Подняв черепок, смотрит на него — и, устыдившись, бережно кладет на солому. В загорелой Андриевой ладони черепок выглядел неуместно, как подбитая влет птаха малая. Как — показалось Ярчуку, — и коштовная одежда, в которую он вырядился.
«Что я тебе, жизнюшка, — блазнюк, что ли?!»
Музыкантам:
— А ну, хлопцы!.. Вшкварь нашу!
И, сдернув с себя золотом вышитый жупан, швыряет оземь, прямо в пыль, прямо в грязюку: «вот тебе, жизнюшка, мой подарочек напоследок!»
Ой, танцую до упаду на истрепанном шляху!..Да как пошел выплясывать, только пыль столбом!
— Рви подметки, Андрию! Дай лыха закаблукам!
— А и дам, пановэ!
Народ потеснился, освобождая место для танцора, кое-кто и сам пристукивает, посвистывает. А Ярчук топочет ногами, словно вознамерился вбить коштовный жупан (уже не голубой, куда там!..) в саму сыру землю-матушку.
Ой, танцую, рассыпаю гопака!..Продолжая выплясывать, он обводит толпу потяжелевшим взглядом.
«Сейчас вы славословите меня и поднимаете чарки в мою честь. Вспомнит ли обо мне хоть один из вас завтра? А послезавтра? Неделю спустя? Месяц? Год?
Правильно.
Нечего обо мне, старом дурне, вспоминать. Жаль, Гнат этого не понимает. Жаль…»
А люди смеются, подмигивают ему, увлеченно жуют гостинцы с возов…

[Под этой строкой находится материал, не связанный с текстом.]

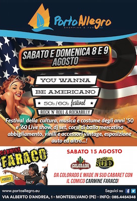 «Sono onorato di essere qui e di aver collaborato con l’Amministrazione Comunale su questi eventi. Il centro di intrattenimento sta vivendo una fase di rilancio e di nuova vitalità. Questa linfa vuole essere il filo conduttore di tutti i nostri eventi, inclusi i due che abbiamo organizzato con la collaborazione del Comune. Porto Allegro deve diventare una nuova piazza di Montesilvano. Sabato e domenica si terrà “You Wanna Be Americano”, il festival dedicato alla cultura americana e italiana anni ’50. A partire dalle 20 di domani e nella serata di domenica si esibiranno gruppi musicali anni ’50. «Abbiamo cercato di coinvolgere tutte le attività commerciali del centro. Vi saranno lezioni di ballo, spazi dedicati ai tatuaggi, al trucco e parrucco per diventare pin up, angoli fotografici ed esposizioni di auto d’epoca. Speriamo così di riuscire a coinvolgere tutte le età».

И только двое без улыбки глядят на танцующего Ярчука. Гнат рассеянно теребит гриву своего коня, не спуская глаз со старого характерника. Да иногда мельком взглядывает на одного человека в толпе… Человек же этот, неприметный и безобидный с виду, — просто смотрит, смотрит и выжидает. Когда же, мол, наконец нагуляешься ты, козаче? И зачем все это юродство: горшки побил, жупан вон топчешь… Добрый, между прочим, жупан, его продай — скольких бы детишек голодных накормил? А ты топчешь… Ладно, топчи, рви чоботами, твое право. Что, перестал, притомился, старик? Так пойди, отдохни — тебя уже заждались твои будущие новые братья. Попрощайся со старыми — и к воротам. А на меня внимания не обращай. Я подожду — и зайду попозже, когда не так занят будешь.
Обязательно зайду.
…поклонился
Подошел к высоченным створкам, постучал. Звук получился гулкий, как будто мертвец из могилы на волю просится.
— Кто такой? — спросили по ту сторону.
— Запорожец Андрий Ярчук!
— Чего ради?
— Спасаться!
После долгой паузы что-то упало за воротами, кто-то ойкнул и тихо зашипел от боли; потом наконец отворили. Чернец, скособочившись и стараясь не наступать на правую, только что ушибленную ногу, жестом пригласил Андрия входить.
«Спасаться!..»
Когда ворота захлопнулись, Ярчук снял черес — пояс с червонцами — и вручил чернецу. Раньше в этом поясе Андрий носил патроны с пулями и порохом — теперь же набил его монетами, аж швы трещали. Таков обычай; да и все равно теперь Андрию черес не пригодится.
Чернец, прихрамывая, повел Андрия через яблоневый сад к старому шпиталю, где запорожцу надлежало провести первые дни, покуда исповедуется и очистится. Шпиталь был построен на кошт сичовиков и предназначен в первую очередь для раненых и увечных запорожцев, которых отправляли сюда подлечиться.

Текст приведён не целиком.